Boruta -- Shadow-Feature Statistical Test

Boruta is a statistically principled, "all-relevant" feature selection method. Unlike most other modules that select a fixed-size subset, Boruta asks a different question: which features are genuinely more important than random noise? It answers this by creating "shadow" copies of every feature, training a model on both real and shadow features, and using a statistical test to decide which real features carry true signal.

How it works

  1. Hyperparameter optimization. A GridSearchCV tunes the tree-based model (RandomForest, ExtraTrees, or XGBoost) on the full feature set. Only tree-based models are supported because Boruta relies on feature_importances_ from the trained model.
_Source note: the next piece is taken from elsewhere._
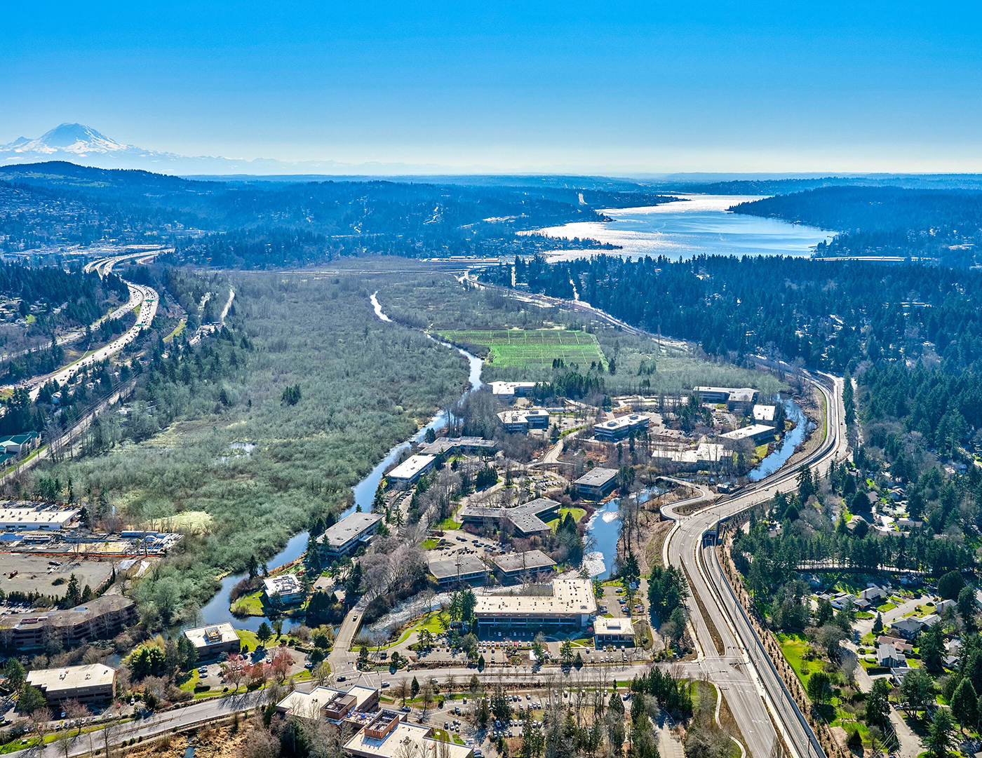 What the Yarrow Bay and Bellefield office parks have in common is their car-centric suburban office park vibe. You drive to work, past empty sidewalks, park in a secure garage, and never need to leave the campus during office hours. No one begs for change outside your lobby. Bellefield, just west of Interstate 405, does have the virtue of being near the Wilburton Park & Ride. But the 2 Line's light-rail stations aren't really near.

  2. Shadow feature generation. For every real feature, a "shadow" copy is created by randomly permuting its values across samples. This destroys any relationship with the target while preserving the marginal distribution.

  3. Iterative importance comparison. Over multiple rounds:

    • A model is trained on the combined real + shadow feature set.
    • The maximum importance among all shadow features in this round is recorded (the "shadow max").
    • Each real feature's importance is compared to the shadow max.
    • A hit counter tracks how often each real feature exceeds the shadow max.
  4. Statistical testing. After all rounds, a binomial test (with Bonferroni correction for multiple testing) is applied to each real feature's hit count:

    • Confirmed: The feature is significantly more important than random noise at the alpha significance level.
    • Tentative: The evidence is inconclusive.
    • Rejected: The feature is not significantly better than noise.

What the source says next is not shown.